Introduction

Tuberculosis (TB), caused by Mycobacterium tuberculosis (MTB), affects ~ 10 million people annually1. Despite a recent reduction in TB incidence, increasing drug resistance is making infection control difficult1. New diagnostic tools and treatments are needed in developing countries to inform clinical and disease control activities2. The recommended combination of anti-TB drugs involves a 6-month standard regimen including first-line rifampicin, isoniazid, ethambutol, and pyrazinamide1. The detection of M. tuberculosis resistant to first-line rifampicin (RR-TB) and isoniazid, together called multidrug resistance (MDR-TB), is especially crucial in Pakistan3. The country is in the top eight for RR-TB and MDR-TB burden, with an estimated 6100 of its > 330,000 TB cases in 2019 presenting with RR-TB or greater resistance4.

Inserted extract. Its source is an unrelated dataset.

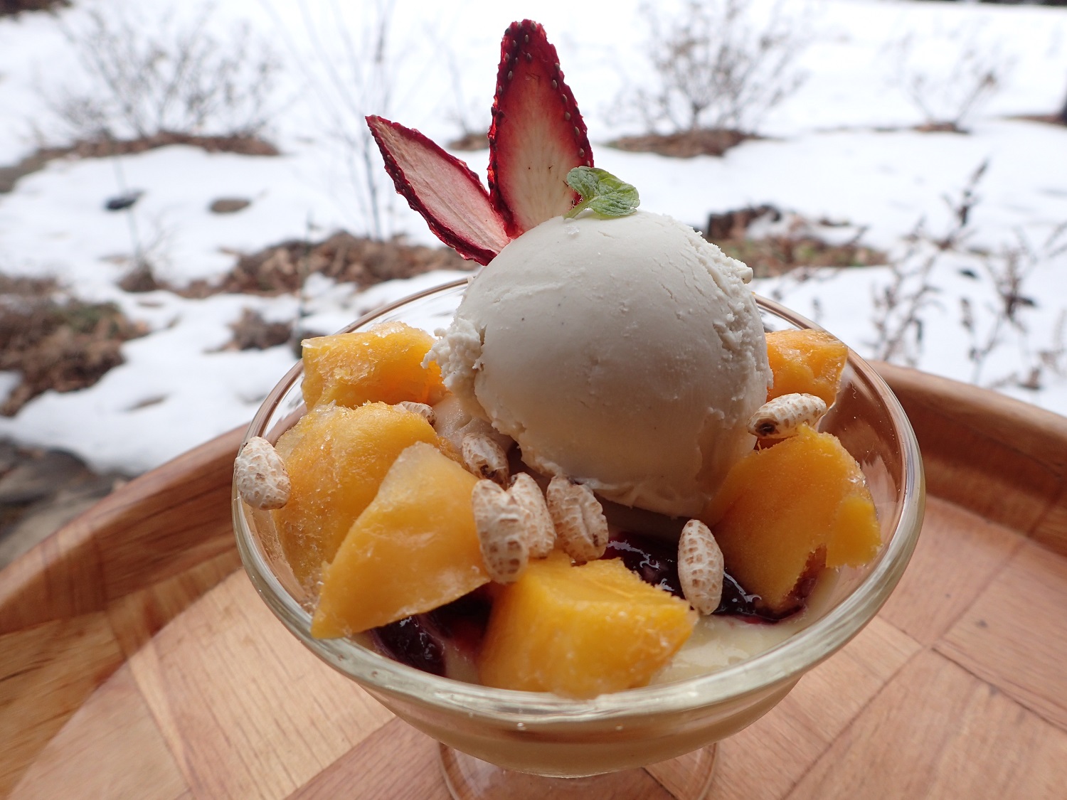 今日ご用意しましたスイーツは、お抹茶豆乳プリンと、カシューナッツの塩バニラアイスとマンゴーシャーベットのミニパフェでした。。

Khyber Pakhtunkhwa is the third largest province of Pakistan, with an area of 74,521 km2 and a population size of approximately 30.5 million individuals. It has a history of armed conflicts, and TB control has been a neglected area of public health. Recently, a TB control program was launched at Hayatabad Medical Complex Peshawar to monitor disease incidence and perform drug susceptibility testing (DST) to assess levels of RR-TB and MDR-TB. RR-TB is mainly caused by the presence of mutations in the RNA polymerase β subunit (rpoB) gene. Mutations in an 81-bp core region of the rpoB gene, known as the RR-determining region (RRDR), account for 95% of the RR-TB detected in clinical isolates5. However, secondary mutations in the rpoA or rpoC genes can mitigate the initial fitness cost caused by a rpoB mutation6,7. About one-third of RR-TB involves rpoB mutant strains with companion rpoC or rpoA mutations8. Here, by sequencing fifty-one M. tuberculosis, we aimed to summarise the diversity and potential role of rpoB, rpoA, and rpoC mutations in the high MDR incidence setting of Khyber Pakhtunkhwa, to inform diagnostics tools for TB control and implementation. The analysis revealed some mixed MDR infections and heteroresistance, reflecting the complex dynamics of the high transmission setting in Pakistan, and reinforcing the need for robust diagnostic tools.

Materials and methods

A total of 4822 pulmonary and extrapulmonary samples positive for M. tuberculosis were processed between 2016 to 2019 by the provincial Reference Laboratory for TB at Hayatabad Medical Complex Peshawar. Samples were received from all the Programmatic drug management units in the province. All samples were processed using the N-acetyl-l-cysteine–sodium hydroxide (NALC–NaOH) concentration method, using Lowenstein–Jensen medium (LJ) solid culture and liquid MGIT tubes containing 7H9 media9. All samples were subject to phenotypic drug susceptibility testing (DST), performed through the automated BACTEC MGIT 960 system (BD Diagnostic Systems, NJ, USA)10. The DST for resistant isolates was repeated for confirmation of drug resistance profile. Resistance to isoniazid, rifampicin, and other drugs was assessed through the BACTEC MGIT 960 system, with established WHO critical concentrations11. As per WHO guidelines for MGIT DST, there is only a single concentration (1.0 umg/mL) for rifampicin. Fifty-one samples (4 pan-susceptible, 47 drug-resistant, including 44 MDR-TB) were selected for whole genome sequencing (WGS). The source of genomic DNA was MGIT Culture (Liquid Culture) and the same culture generation was used for the phenotypic and genotypic (WGS) characterisation. The study was approved by the Institutional Ethics Committee of KUST Kohat and Provincial Tuberculosis Reference Laboratory, Khyber Pakhtunkhwa (Ref. no.: PTP/PTRL-408/19). All study participants gave informed consent for the collection and use of their biological materials, and all methods were performed in accordance with the relevant guidelines and regulations.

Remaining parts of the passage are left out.